Мне нечего было ему сказать. Я следил за ним, за его плавными, уверенными движениями, за его бойкой речью, пересыпанной неслыханными словечками, и завидовал ему, читавшему по ночам книжки про всяких там кавказских сапожников, про социализм, про Палестину и Гитлера. По сравнению с Лео я был неотесанным олухом. Ну что я знал? Я знал, что за окном зима, что дует ветер, пронизывающий северный ветер, а значит, Иосифу не станет легче.
— Мне нужен помощник, — торжественно объявил Паровозник и потеребил бородку. — Ступай, Даниил, на кладбище, собери свои пожитки и перебирайся ко мне. Положу тебе приличное жалованье. Жить будешь, как царь, в отдельной комнате.
— А как же Иосиф?
— Иосиф мне не нужен.
— Он болен, — напомнил я.
— Ну и что? — Лео снова потеребил бородку, словно он из нее вытягивал ускользающую нить мысли. — Либо умрет, либо поправится.
— Я не могу его бросить.
— Дурак, — беззлобно бросил Паровозник. — О других пусть господь бог думает. Это его работа.
— Я не могу его бросить, — повторил я.
— Как знаешь, — буркнул Паровозник. — Тогда хотя бы вывеску мне намалюй.
Не дожидаясь моего согласия, Лео исчез и вскоре приволок большой, морозно поблескивающий лист жести. Он положил его на столик, прихлопнув обе газеты, и, сложив большой и указательный пальцы в подобие карандаша, размашисто вывел свое имя и звание.

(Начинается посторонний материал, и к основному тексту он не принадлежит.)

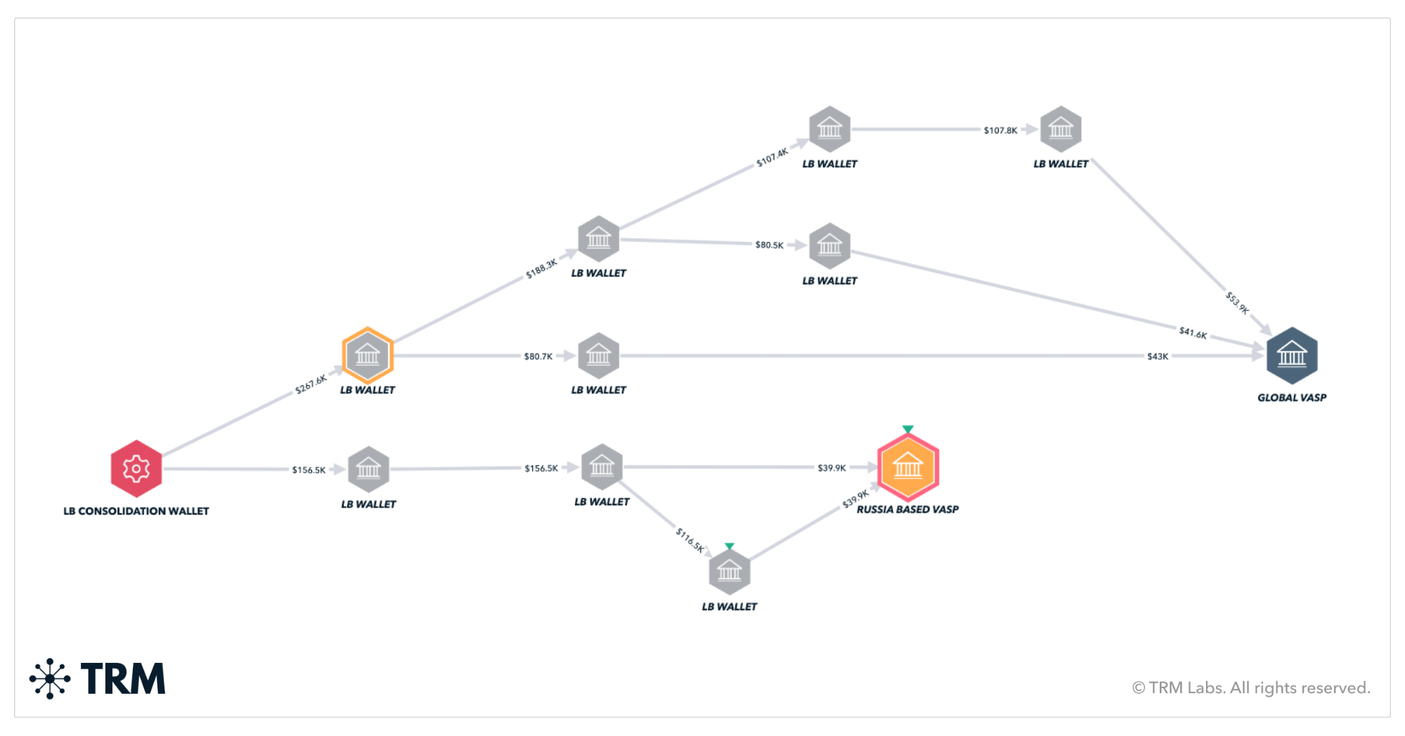 On-chain analysis of LockBit activity highlights the group’s operating structure, where victims’ initial ransom payments undergo a financial split: 80% goes to the LockBit affiliate, and 20% goes to LockBit’s administrators. LockBit operators have subsequently used Wasabi 2.0 to mix funds, and multiple non custodial exchanges and centralized VASPs in the United States and Asia to launder victim funds.

— На имя не скупись. Я и за краски заплачу. Пиши крупно и ясно: ЛЕО ПАРОВОЗНИК МУЖСКОЙ МАСТЕР, — распорядился владелец парикмахерской. — По-еврейски мельче, по-литовски крупней. Как-никак, они хозяева. Вот тут, — Паровозник очертил на листе окружность, — одна голова, а тут — другая. Только смотри, чтобы ни на кого не были похожи. У нас в местечке нет красавцев, достойных украсить вывеску. Ты их, брат, сам придумай. Или погоди, — Лео вдруг вытащил из-под жести газету. — Одну голову ты можешь срисовать с него.
— А кто он такой?
— Английский министр, — сказал Паровозник. — Очень представительный мужчина. И прическа у него — люкс. Правда?
— Правда.
— Только запомни: слева на вывеске должна быть литовская внешность, а справа — еврейская. Бритье — не обряд обрезания. Оно, брат, доступно всем, и все могут им пользоваться. Понял?
— Понял.
— А чью голову прикажешь делать крупней? — спросил я. — Литовскую или еврейскую?
— Головы делай одинаковыми, чтобы не было обиды.
Будь на дворе лето, я никогда бы не согласился рисовать Паровознику вывеску. Я вообще ни разу вывески не рисовал. Но на дворе трещал мороз, до лета было так же далеко, как до бога, я изнывал от скуки и безделья: день-деньской сидишь у печки и подкармливаешь огонь чурками да слушаешь истошный кашель Иосифа, а кашель, как известно, не соловьиный свист и даже не карканье кладбищенских ворон, ворону хоть напугать можно. Потому заказ старшего подмастерья Лео Паровозника пришелся как нельзя кстати. Я раздобуду краски, сооружу кисть и приступлю к работе.
— Когда вывеска будет готова? — осведомился Лео.
— Постараюсь к будущей субботе.
— Вот тебе на краски, — Паровозник вытащил из кармана серебряную денежку и небрежно протянул мне. — Да еще подумай о моем предложении. Мы бы с тобой сработались.
Я взял трескучий лист жести, еврейскую газету с изображением английского министра, серебряную монету и вышел на улицу.